2. What to drink to increase hemoglobin: 

To increase hemoglobin levels, it's important to consume foods and beverages that are rich in iron and other nutrients. Some beverages that can help increase hemoglobin include beetroot juice, pomegranate juice, spinach smoothies, and green vegetable juices. These drinks provide essential nutrients like iron, folate, and vitamin C, which are necessary for hemoglobin production.

3. Iron-rich foods: 

Iron is an essential mineral for blood production. Some iron-rich foods you can include in your diet are lean meats (such as beef, poultry, and fish), legumes (like lentils and beans), tofu, spinach, kale, broccoli, fortified cereals, and nuts (such as almonds and cashews). Combining these foods with a source of vitamin C, like citrus fruits or bell peppers, can enhance iron absorption.

4. Blood increase fruit juice:

 Fruit juices can be a convenient way to consume nutrients that support blood production. Pomegranate juice is particularly known for its blood-boosting properties due to its high iron content. Beetroot juice is another popular option as it contains nitrates, which help improve blood flow. Combining different fruits, such as apples, oranges, and berries, in your homemade juice can provide a variety of beneficial nutrients for blood health.

5. Vegetables to increase blood: 

Vegetables play a crucial role in increasing blood production due to their high content of iron, vitamins, and minerals. Some vegetables that can help increase blood include spinach, kale, broccoli, beetroot, carrots, sweet potatoes, peas, Brussels sprouts, and bell peppers. These vegetables provide iron, folate, vitamin C, and other essential nutrients that support the production of red blood cells.

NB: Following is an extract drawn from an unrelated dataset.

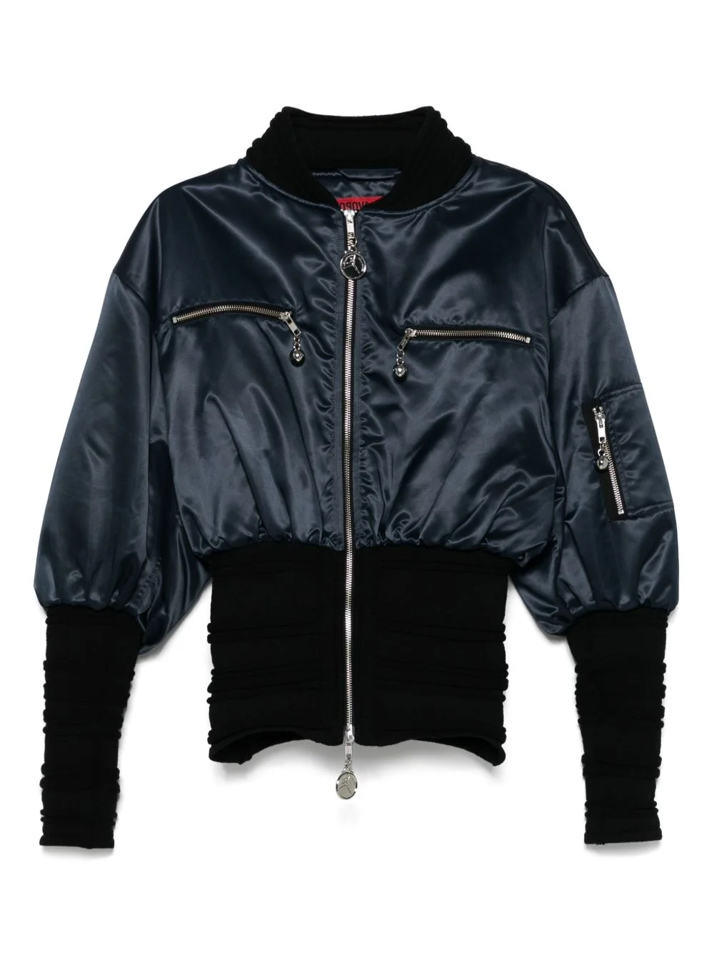 Little Birdy bomber jacket Highlights - Navy blue - Front two-way zip fastening - Padded design - Two zip-fastening chest pockets - Sleeve zip pocket Imported Composition Polyester 100%, Cotton 75%, Polyamide 25% SIZE & FIT Model measurements Height 5 ft 10 in(1.78 m) Bust/Chest 32.67 in(83 cm) Hips 35.43 in(90 cm) Waist 23.22 in(59 cm) FittingInformation Designed to be unstructured, offering a loose fit throughout The elasticated hem allows for movement and a comfortable fit Made from a midweight non-stretch fabric, this piece offers minimal elasticity when worn Washing instructions Machine Wash

In conclusion, incorporating certain fruits into your diet can be a beneficial way to support and increase blood production in the body. Fruits like pomegranates, beets, citrus fruits, berries, apples, cherries, and many others are rich in nutrients such as iron, vitamin C, antioxidants, and folate, which play a crucial role in blood health. These fruits can help improve red blood cell production, enhance iron absorption, promote healthy blood vessels, and support overall blood circulation.

By enjoying a variety of fruits, you not only add delicious flavors to your meals but also provide your body with essential vitamins and minerals that contribute to a well-functioning circulatory system. Remember to combine these fruits with a balanced diet that includes other iron-rich foods, lean proteins, and vegetables to optimize your blood health.


The information provided in this article is for educational and informational purposes only and should not be considered medical advice. The content is not intended to be a substitute for professional medical advice, diagnosis, or treatment. Always seek the advice of your physician or other qualified health provider with any questions you may have regarding a medical condition.

While efforts have been made to ensure the accuracy and reliability of the information presented, we make no representations or warranties of any kind, express or implied, about the completeness, accuracy, reliability, suitability, or availability of the information contained in this article. Any reliance you place on such information is therefore strictly at your own risk.